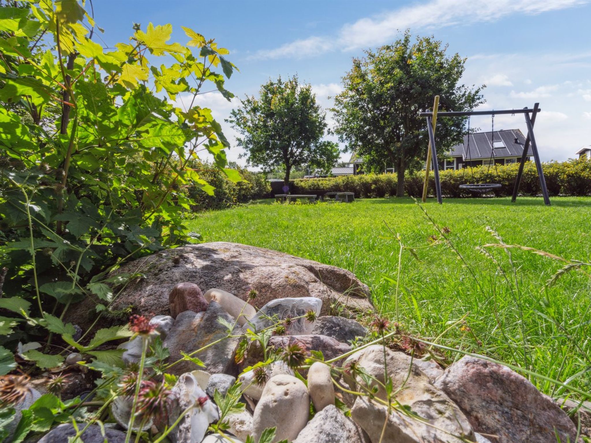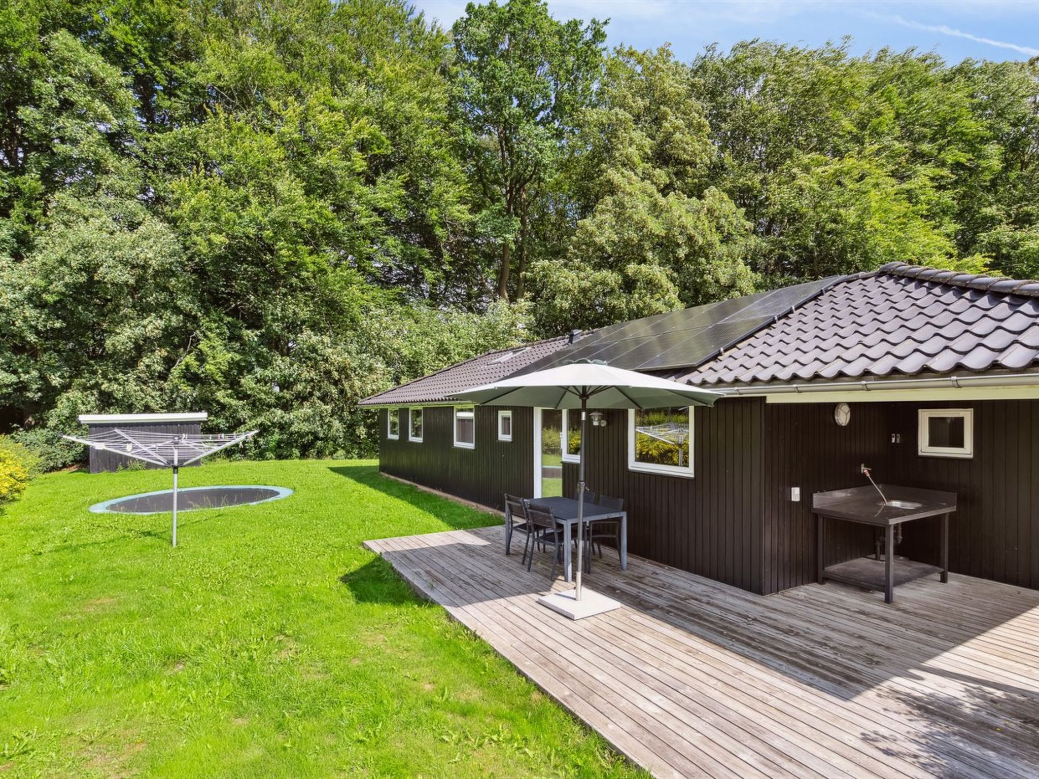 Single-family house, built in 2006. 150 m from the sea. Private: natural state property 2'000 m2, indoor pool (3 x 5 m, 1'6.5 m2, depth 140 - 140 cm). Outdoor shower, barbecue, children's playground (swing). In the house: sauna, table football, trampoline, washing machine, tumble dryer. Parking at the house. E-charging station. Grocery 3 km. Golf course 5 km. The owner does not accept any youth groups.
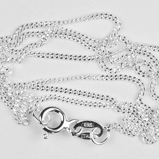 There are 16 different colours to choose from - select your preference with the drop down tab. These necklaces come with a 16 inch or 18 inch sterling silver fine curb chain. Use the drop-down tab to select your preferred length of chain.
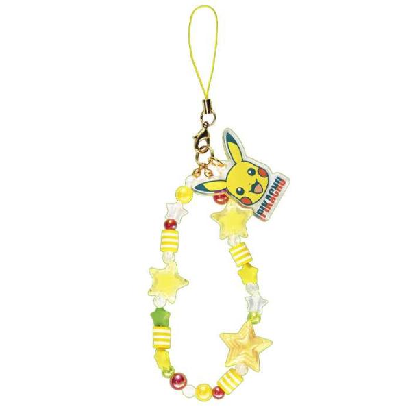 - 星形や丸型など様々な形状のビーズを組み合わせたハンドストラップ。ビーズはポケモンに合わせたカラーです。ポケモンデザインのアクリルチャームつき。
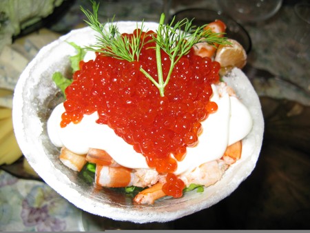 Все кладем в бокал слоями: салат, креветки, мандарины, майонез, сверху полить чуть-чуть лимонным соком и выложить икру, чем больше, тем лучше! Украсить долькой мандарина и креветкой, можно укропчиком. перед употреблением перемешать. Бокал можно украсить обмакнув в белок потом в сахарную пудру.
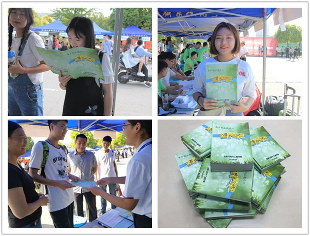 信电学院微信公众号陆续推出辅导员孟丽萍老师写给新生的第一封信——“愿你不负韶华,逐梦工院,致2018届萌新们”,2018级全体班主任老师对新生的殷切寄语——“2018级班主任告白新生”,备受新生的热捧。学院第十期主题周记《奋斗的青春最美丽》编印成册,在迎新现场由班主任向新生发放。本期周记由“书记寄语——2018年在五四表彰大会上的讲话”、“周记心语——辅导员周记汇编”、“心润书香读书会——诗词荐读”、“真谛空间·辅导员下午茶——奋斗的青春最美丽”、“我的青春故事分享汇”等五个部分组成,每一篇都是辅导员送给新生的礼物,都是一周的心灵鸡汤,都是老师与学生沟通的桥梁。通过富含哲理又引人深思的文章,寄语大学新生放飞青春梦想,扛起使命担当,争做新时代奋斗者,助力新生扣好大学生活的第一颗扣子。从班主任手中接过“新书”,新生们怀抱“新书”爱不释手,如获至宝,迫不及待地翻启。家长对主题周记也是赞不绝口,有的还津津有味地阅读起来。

### To do
All that is wanted is the lines above between the one containing "There are 16" and the one containing "- 星形や丸型など様々な形状", inclusive, restated word for word, with pictures omitted.

### Result of the task
 There are 16 different colours to choose from - select your preference with the drop down tab. These necklaces come with a 16 inch or 18 inch sterling silver fine curb chain. Use the drop-down tab to select your preferred length of chain.
 - 星形や丸型など様々な形状のビーズを組み合わせたハンドストラップ。ビーズはポケモンに合わせたカラーです。ポケモンデザインのアクリルチャームつき。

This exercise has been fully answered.